The European Commission was wrong to refuse to release text messages sent by Ursula von der Leyen to the chief of Pfizer during negotiations to secure COVVI-19 vaccines, judged the EU Superior Court.
The General Court said that the Commission had not given a plausible explanation on the reasons why the exchanges between its president and Albert Bourla de Pfizer could not be made public when an investigation journalist asked them in 2021.
That year, Pfizer signed billions of euros in vaccine contracts with the EU, including an agreement for 1.8 billion additional doses.
The content of the messages between von der Leyen and Mr. Bourla remains secret, in a simmered case which has become known in Brussels under the name of Pfizergate.
The Transparency International anti-corruption group welcomed the European Court’s decision as a “historic victory for transparency in the EU”, adding that it should serve as a catalyst to end an “restrictive attitude towards freedom of information”.
Von der Leyen became president of the commission in 2019 and, in a year, was faced with the task of directing the EU’s response to the cocovated pandemic.
She won a second five -year term at the end of last year. Wednesday’s decision threatens to harm its reputation, due to the apparent lack of transparency surrounding the agreement on the Pfizer vaccine, in which it played such an important role.

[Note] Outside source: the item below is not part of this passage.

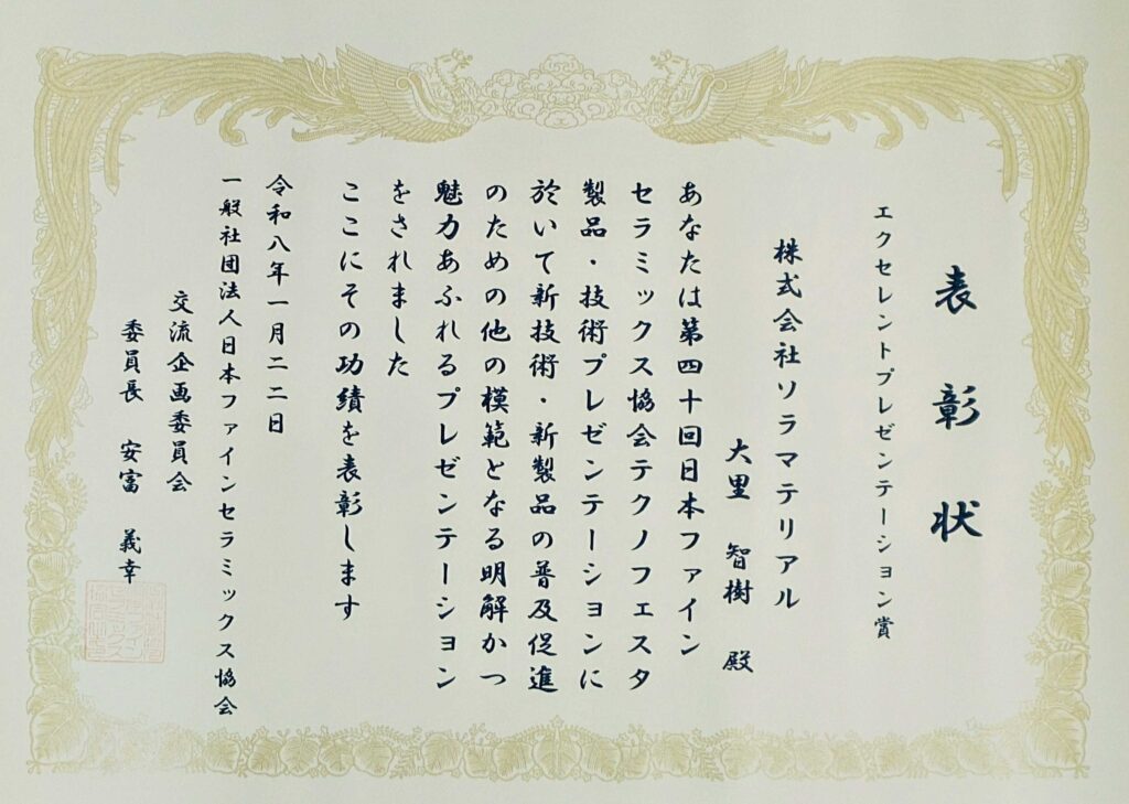 2026年1月22日(木)にベルサール御成門タワーにて開催された「第40回 JFCAテクノフェスタ・新春懇親会」(主催:一般財団法人ファインセラミックスセンター)において、**「JFCA エクセレントプレゼンター賞」**を受賞いたしました。

The Commission said it would study the decision closely and examine its next steps, but it insisted that transparency had “always been of capital importance”.

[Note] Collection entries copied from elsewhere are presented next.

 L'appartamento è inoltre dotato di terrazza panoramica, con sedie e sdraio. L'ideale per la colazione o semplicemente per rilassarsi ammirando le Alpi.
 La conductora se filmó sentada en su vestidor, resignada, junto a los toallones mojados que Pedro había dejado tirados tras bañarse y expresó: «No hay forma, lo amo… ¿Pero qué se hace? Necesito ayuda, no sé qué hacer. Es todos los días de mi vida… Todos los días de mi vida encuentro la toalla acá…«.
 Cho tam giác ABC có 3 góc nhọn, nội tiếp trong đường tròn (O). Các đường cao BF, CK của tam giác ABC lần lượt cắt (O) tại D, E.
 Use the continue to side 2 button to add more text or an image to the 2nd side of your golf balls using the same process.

The controversy broke out in April 2021, when the journalist from the New York Times Matina Stevis revealed how Ursula von der Leyen had negotiated in private with the boss of Pfizer after her German partner Biontech won the regulatory approval of her cocvid drug.
The article stimulated investigative journalist Alexander Fanta, who worked for a German publication, to use a freedom of information to see the exchange of messages between January 2021 and May 2022. But the European Commission refused it, saying that it did not have the documents.
Under the commission’s transparency rules, all the staff, including the president, must archive his documents.
However, mobile text messages are a gray area, and the case has largely articulated whether or not they should be considered important recordings.
An EU official argued this week that SMS were not “systematically considered as public documents” and not recorded as such.
Fanta brought the case to the European Ombudsman in 2021, where an investigation revealed that the failure of the commission to seek text messages beyond its usual holding of files was equivalent to poor administration.
Stevis and the New York Times followed, and when the messages have still not been released, they brought the European Commission to court.
Declaring Stevis’ challenge, the court said on Wednesday that the EU executive was based “either on assumptions or on changing or imprecise information”, while the journalist and the New York Times had managed to refute their claims.
The court said that if a presumption was refuted, it belonged to the Commission to prove that the documents did not exist or that it did not have them.
The commission had not specified whether the text messages had been deleted or not, the court ruled and if it had been deleted, if it was done deliberately or if Von der Leyen had since changed his mobile phone.